For Egyptians: National ID card.

For foreigners: Passport

  1. Approval of the competent authorities if the purposes of the company require obtaining certain approvals under the provisions of the applicable laws (prior approval).
  2. In the case of an in-kind share at the time of incorporation, a report shall be submitted by experts and professionals as regulated by law, according to the type of each share.
  3. In the case of incorporation of a company under the free zone regulations in accordance with the provisions of Investment Law 72 of 2017, the above-mentioned documents shall be submitted, in addition to:

In the case of a public free zone: Obtaining the approval of the Authority before incorporation. The approval is issued by the Board of Directors of the free zone in which the project is to be established.

In the case of a private free zone: - Cabinet approval shall be obtained.

Management of limited-liability companies

The company is managed by one or more directors, who may be from among the partners or others. There is no maximum number of directors, who are appointed either under the company's articles of incorporation or in any amendment thereto.

It is a requirement that the director of the company be a natural person and may not be a legal person. However, one of the partners may be a legal person.

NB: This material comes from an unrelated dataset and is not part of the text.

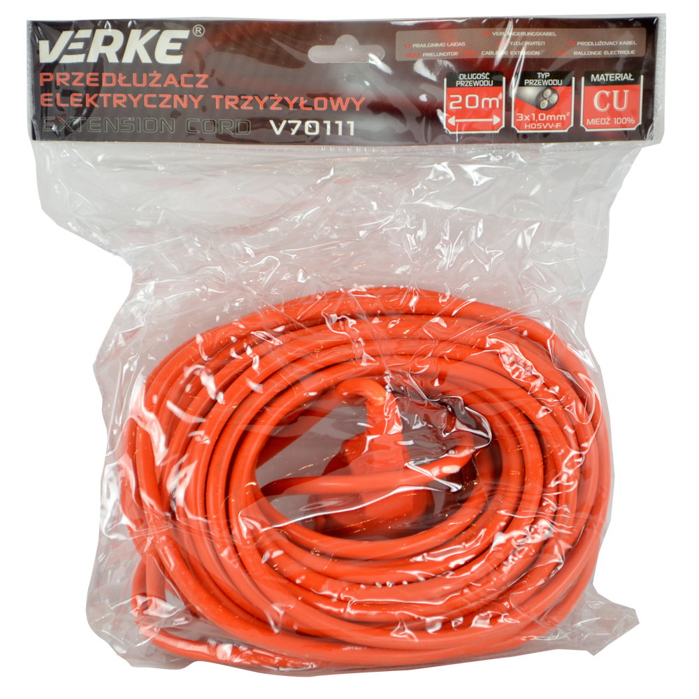 Przedłużacz marki Verke z uziemieniem oraz grubą izolacją zewnętrzną w kolorze pomarańczowym o długości 20 metrów, przeznaczony do zasilania urządzeń elektrycznych o napięciu do 250 V.
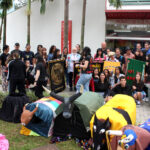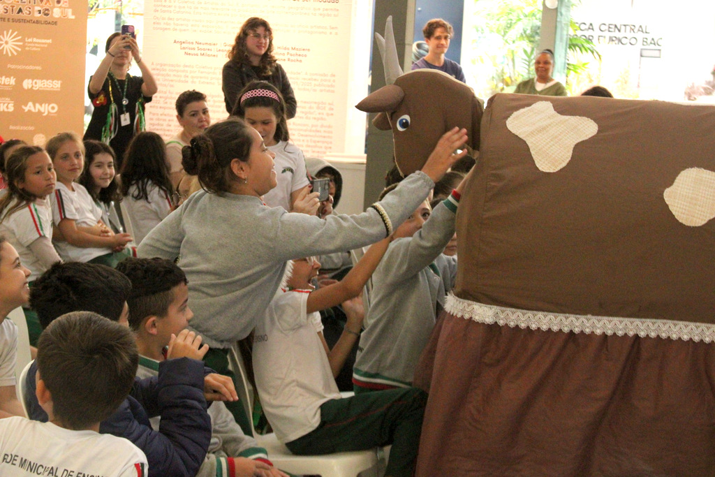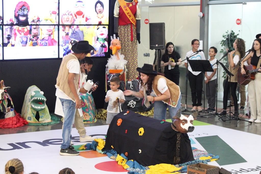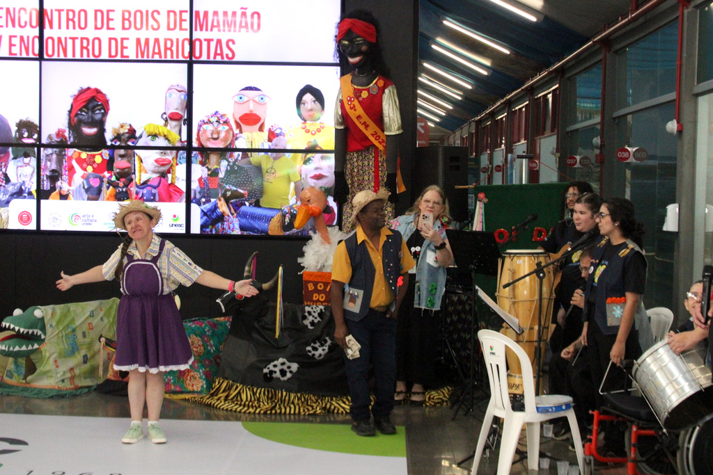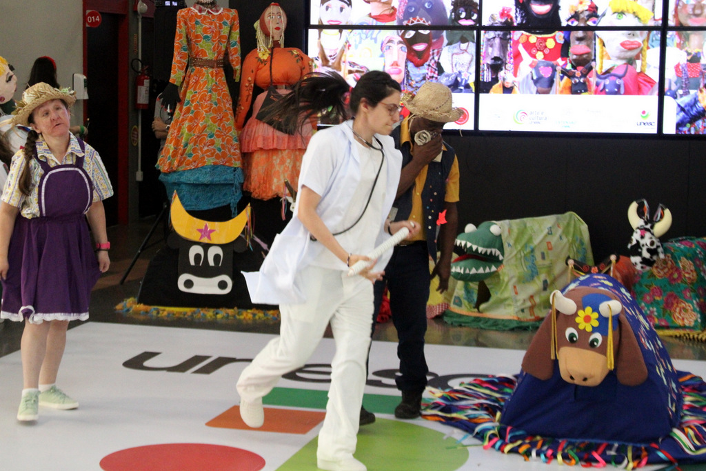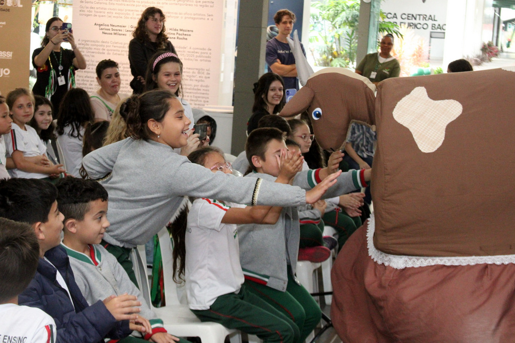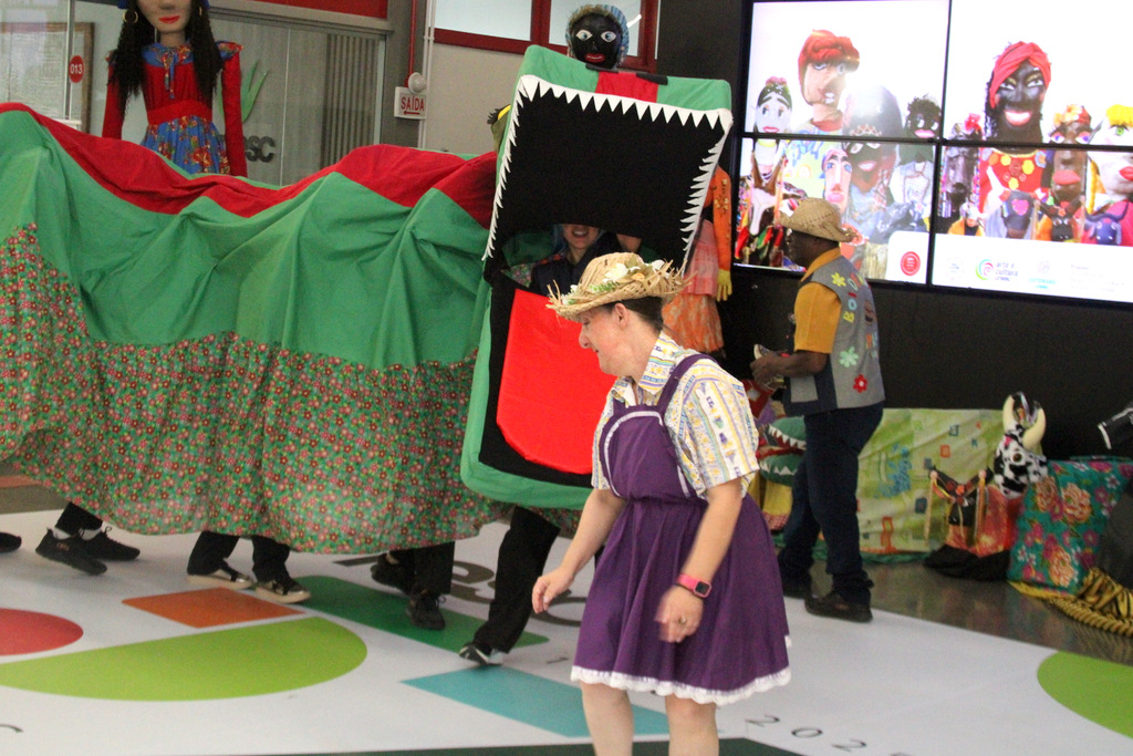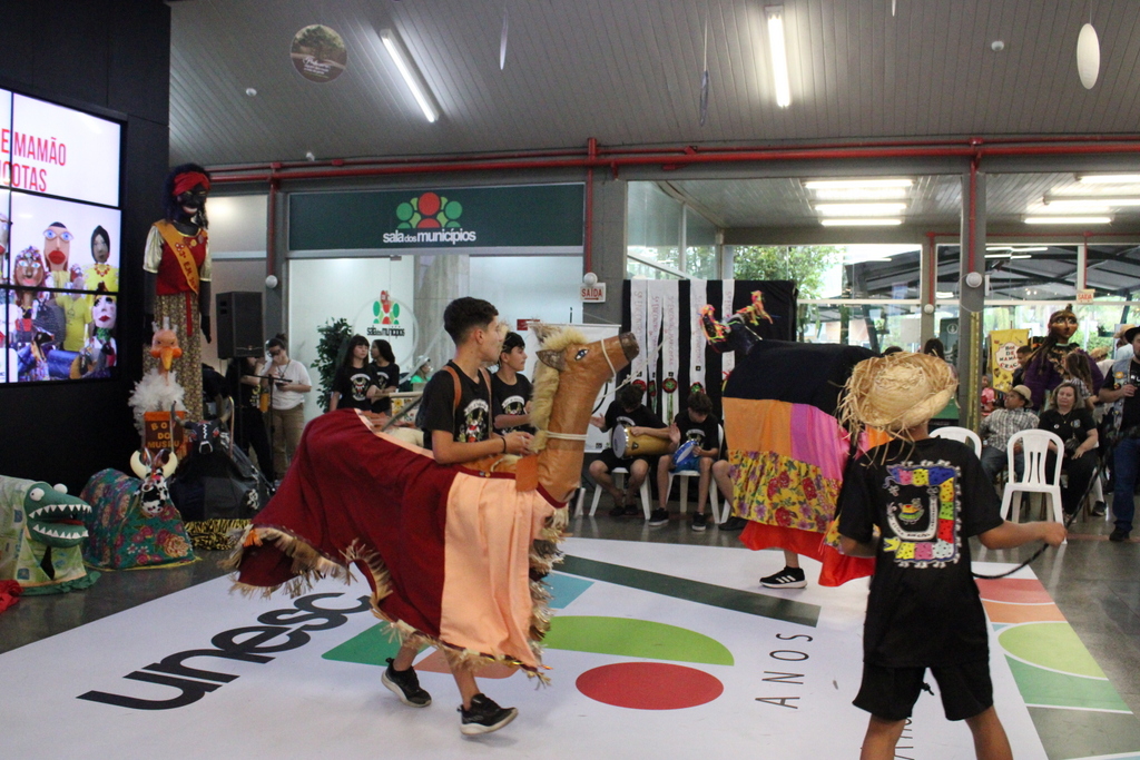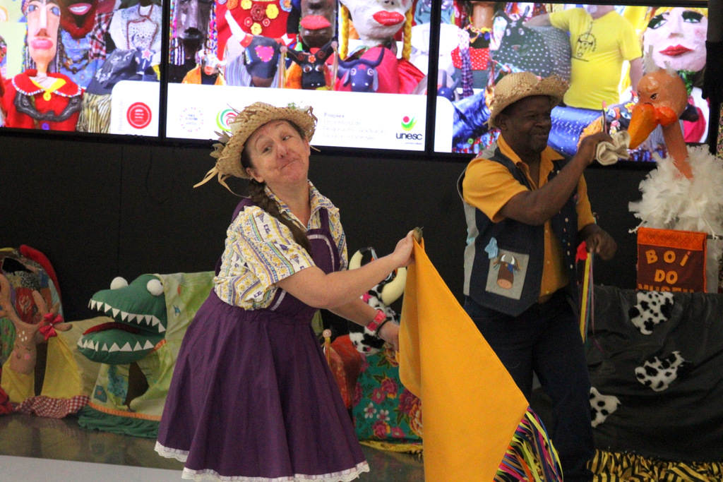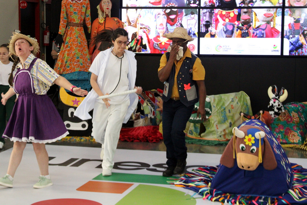 A coordenadora do Setor de Arte e Cultura, Amalhene Baesso Reddig, a Lenita, lembrou que a Unesc é um ponto de cultura do Ministério da Cultura, da Rede Cultura Viva. “Realizar o intercâmbio cultural entre os participantes da cultura popular catarinense – boi de mamão – tem como foco o fortalecimento dessa tradição. Hoje, é o Dia Internacional do Patrimônio Cultural Imaterial e celebramos coletivamente as tradições vivas que definem nessas histórias, memórias, saberes por meio da educação, da colaboração e da conscientização do valor dos que nos antecederam. A interação que provamos no campus Unesc reverbera na região e contribui para a cultura de paz e tolerância”, enfatizou ela.

Among such acts undertaken by the management is to prepare administrative reports, according to administrative decisions or meetings of directors and the ordinary and extraordinary general assembly, as we will explain in detail as follows:

How is the decision to amend a limited-liability company taken? It is taken in three ways, which are as follows:

  1. An administrative decision or managers' meeting: It is a decision taken by the directors under the powers granted to them and stipulated in the company's articles of association and the commercial registry. Among the most important decisions that can be taken under the administrative decision or the managers' meeting are:
  2. Opening branches of the company; appointing, dismissing, or replacing branch managers, or closing branches of the company.
  3. Relocating the company's head office, if it is inside the governorate.
  4. Appointing and dismissing employees, imposing penalties, etc.
  5. Appointing an auditor until presentation to the ordinary general assembly.

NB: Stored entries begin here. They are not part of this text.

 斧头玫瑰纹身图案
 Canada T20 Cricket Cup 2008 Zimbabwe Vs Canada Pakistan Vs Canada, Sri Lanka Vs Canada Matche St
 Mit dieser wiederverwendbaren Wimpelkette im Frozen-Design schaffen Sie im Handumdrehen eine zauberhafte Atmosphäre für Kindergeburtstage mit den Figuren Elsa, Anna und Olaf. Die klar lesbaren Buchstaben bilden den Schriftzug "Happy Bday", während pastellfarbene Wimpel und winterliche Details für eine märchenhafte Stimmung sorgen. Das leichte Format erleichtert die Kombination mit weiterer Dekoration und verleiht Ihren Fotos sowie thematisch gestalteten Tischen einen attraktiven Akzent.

2. Ordinary General Assembly means a meeting that is held regularly during the three months following the end of the fiscal year. It includes an agenda to be discussed in the presence of the partners and directors.

Examples of decisions that are discussed and taken under the ordinary assembly are:

  1. Examining the Financial Statements and the auditor's report for the ended financial year;
  2. Examining the report of the board of directors and releasing the board of directors from liability for the ended fiscal year;
  3. Considering the formation of the board of directors, determining its powers, renewing its appointment, and determining remunerations and allowances for the board of directors;
  4. Considering renewing the appointment of the company's auditor for the ended fiscal year;
  5. Reviewing approval of donations and dividends; and
  6. Reviewing approval of the final liquidation outcome in the event of the company's liquidation, or extending the liquidation period.

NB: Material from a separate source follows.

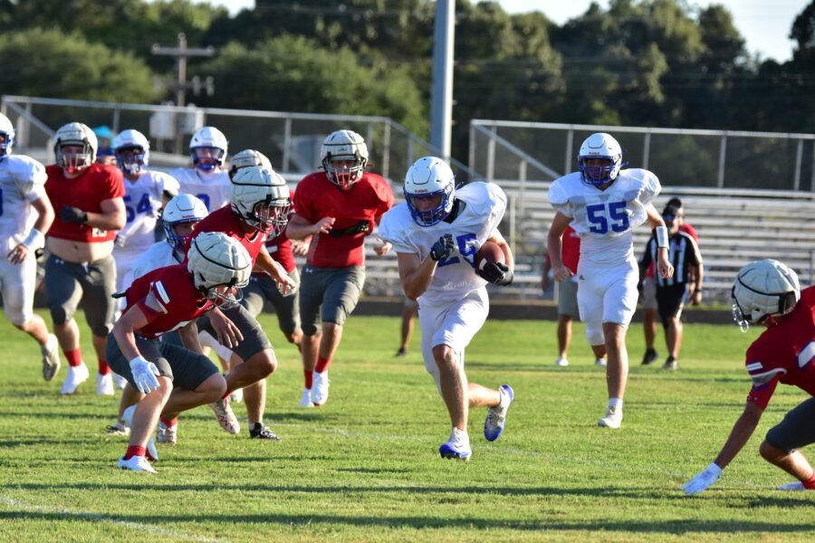 August 18, 2025 – The Grace Cougar football team continued their preseason preparation with a scrimmage last Friday night at Alba-Golden. Grace has a mix of returning starters and fresh faces, so it was good to get on the field and test themselves against some outside competition. Despite the heat, the Cougars played well and had some success against the Panthers. They will be back at work this week, continuing to grow and build a team to challenge all their opponents this season. The Cougars will have their second and final scrimmage this week. They will travel to Jefferson on Thursday night.

3. Extraordinary General Assembly: It is a meeting that takes place in the event of an amendment to the company's articles of association, i.e., an amendment to any text of the company's MoA, or liquidation of the company, according to the agenda set to be discussed in the presence of the chairman of the board of directors, members of the board of directors and shareholders.

The content of this article is intended to provide a general guide to the subject matter. Specialist advice should be sought about your specific circumstances.